Marzocchi, come detto, si è occupato anche di tracciare un quadro generale dell’organizzazione, il ‘cult’ della Supreme Vikings Confraternity, conosciuto anche come Kclub de Norsemen o Arobaga o, ancora, The Adventurers, fondato nel 1994 in Nigeria, riconosciuto inizialmente dallo Stato e “man mano sempre più utilizzato dal potere a fine politico per portare instabilità: era specializzato nel sottrarre schede elettorali durante le elezioni”.

Se i rivali ‘Eiye’ – quelli di Stephen Oboh, l’uomo vittima dell’agguato di via Olimpia Morata – sono “specializzati nel traffico di esseri umani”, i Vikings sono “attivi nel traffico di stupefacenti”.

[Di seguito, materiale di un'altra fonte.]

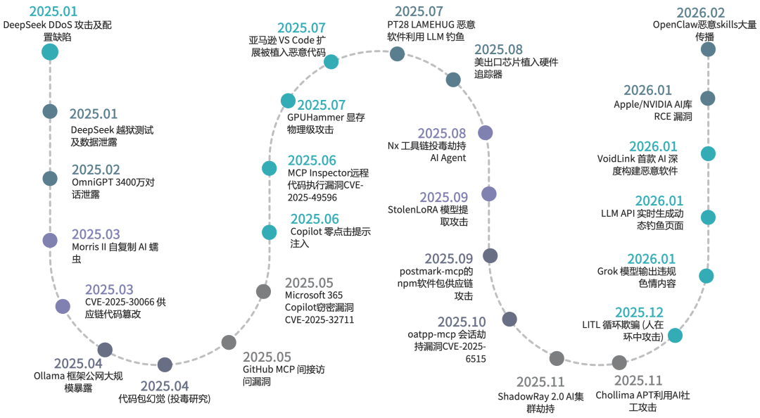 如前所述,随着大模型与AI基础设施被大规模引入生产环境,其安全风险已不再局限于传统的模型越狱或内容滥用,而是迅速扩展到AI基础设施、硬件安全、模型安全、数据泄漏、供应链、Agent权限以及AI武器化等层次领域。本章节我们将以时间线为主线,对过去一年在上述各领域具有代表性的多起大模型与AI生态安全事件进行系统回顾与分析,并梳理这些事件的关键节点、深入分析其产生的原因及其对用户和社会的广泛影响,以揭示当前AI安全风险从“模型层问题”向“系统性风险”演化的整体趋势。
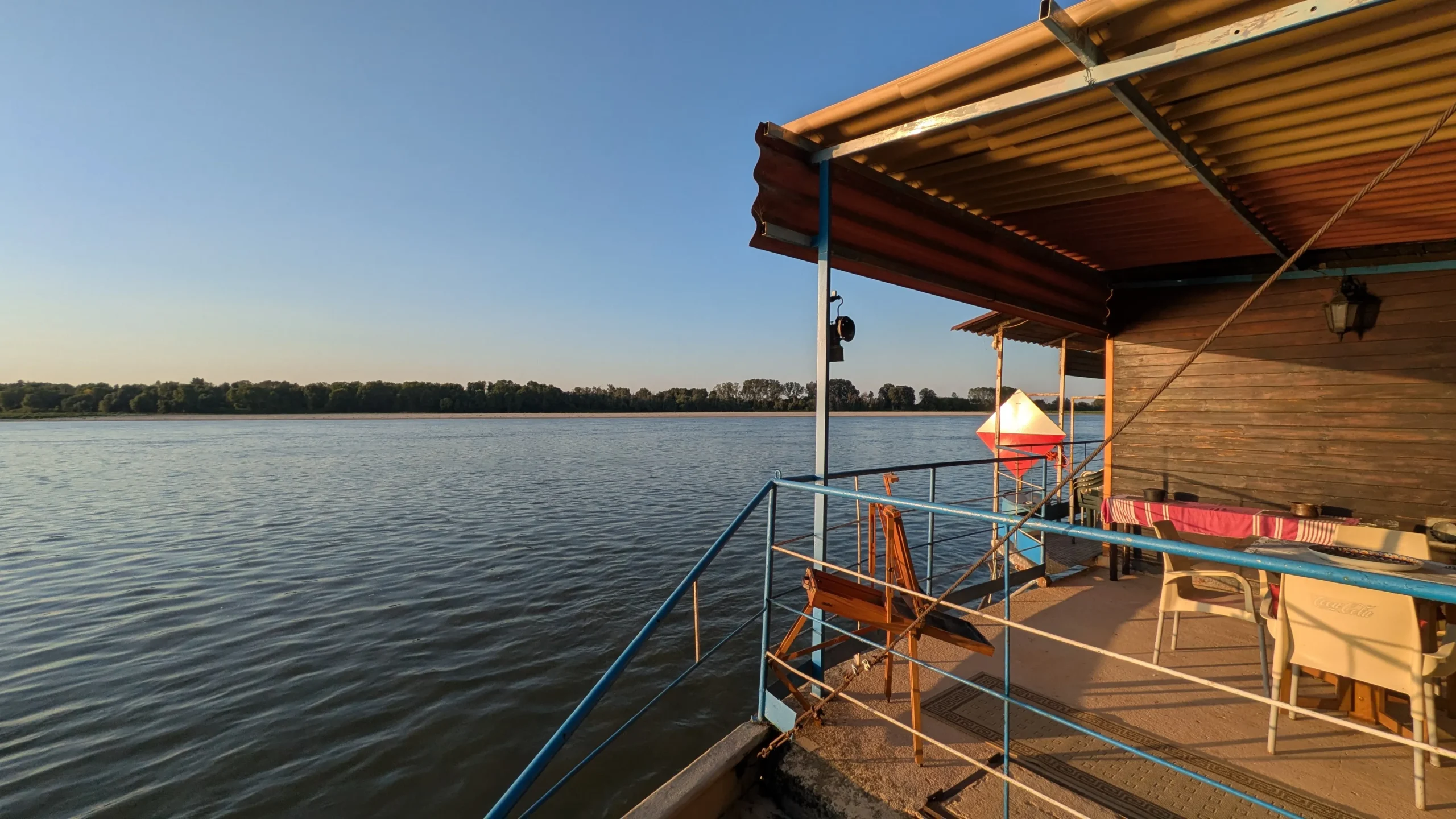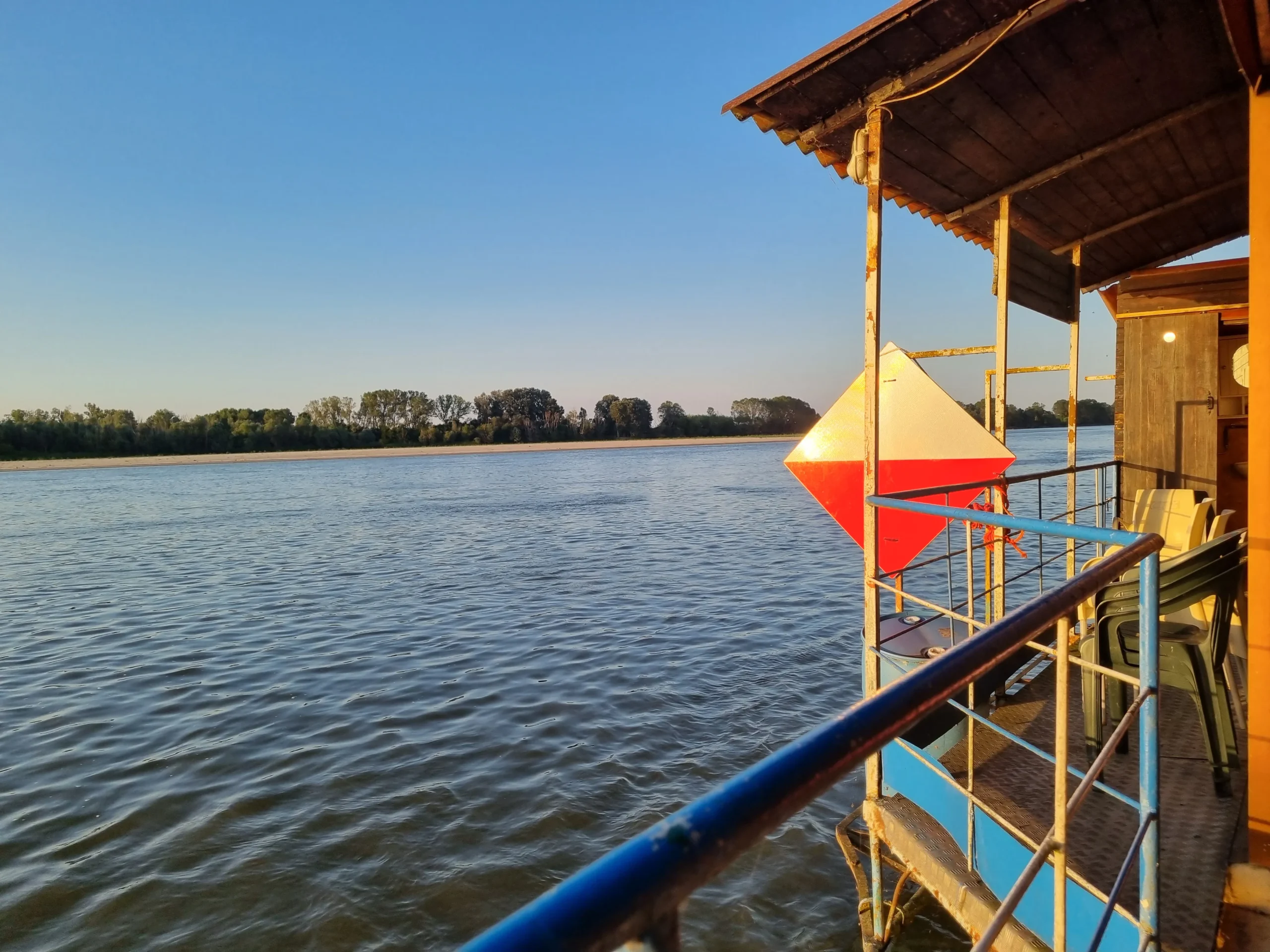 Questa piccola ma confortevole struttura si appoggia su due grandi scafi di cemento, simili in tutto e per tutto a quelli che sorreggono i pochi ponti galleggianti rimasti operativi sul Po. Oggi è una postazione della memoria e un punto di incontro, aperto ai curiosi, a chi vuole fare due chiacchiere davanti al tramonto, a chi non ha paura di avvicinarsi e domandare: c’è qualcuno qui? Può essere che non ci sia nessuno, ma se c’è qualcuno… è garantita la più calorosa, interessante e gustosa ospitalità.

Segni distintivi: il colore rosso, usato preferibilmente indossando un basco, tatuaggi che richiamano il mondo marinaresco, come l’àncora. Segni di costituzione di un’organizzazione: un linguaggio in codice, ad esempio “usavano il numero 36 per indicare la riunione”, e il numero corrisponde al numero di Stati nigeriani; il versamento di una sorta di ‘quota sociale’ che aumenta salendo la scala gerarchica; il ricorso alla violenza fisica con l’uso anche di armi. Tra queste i Vikings prediligono il machete, come accaduto in via Olimpia Morata: “È l’arma bianca per eccellenza dei Vikings, tant’è che il suo uso viene anche ‘pubblicizzato’ nei post su Facebook”, ha spiegato l’investigatore, “altri cult invece usano l’ascia”. E, infine, la ‘fama’: “Il solo pronunciare il nome Vikings – ha spiegato ancora Marzocchi – incute paura, timore e rispetto”.

Nelle prossime udienze questo quadro verrà calato ancora più nello specifico nella realtà ferrarese, procedendo posizione per posizione, con il riscontro anche di varie intercettazioni, per delineare i ruoli dei singoli imputati.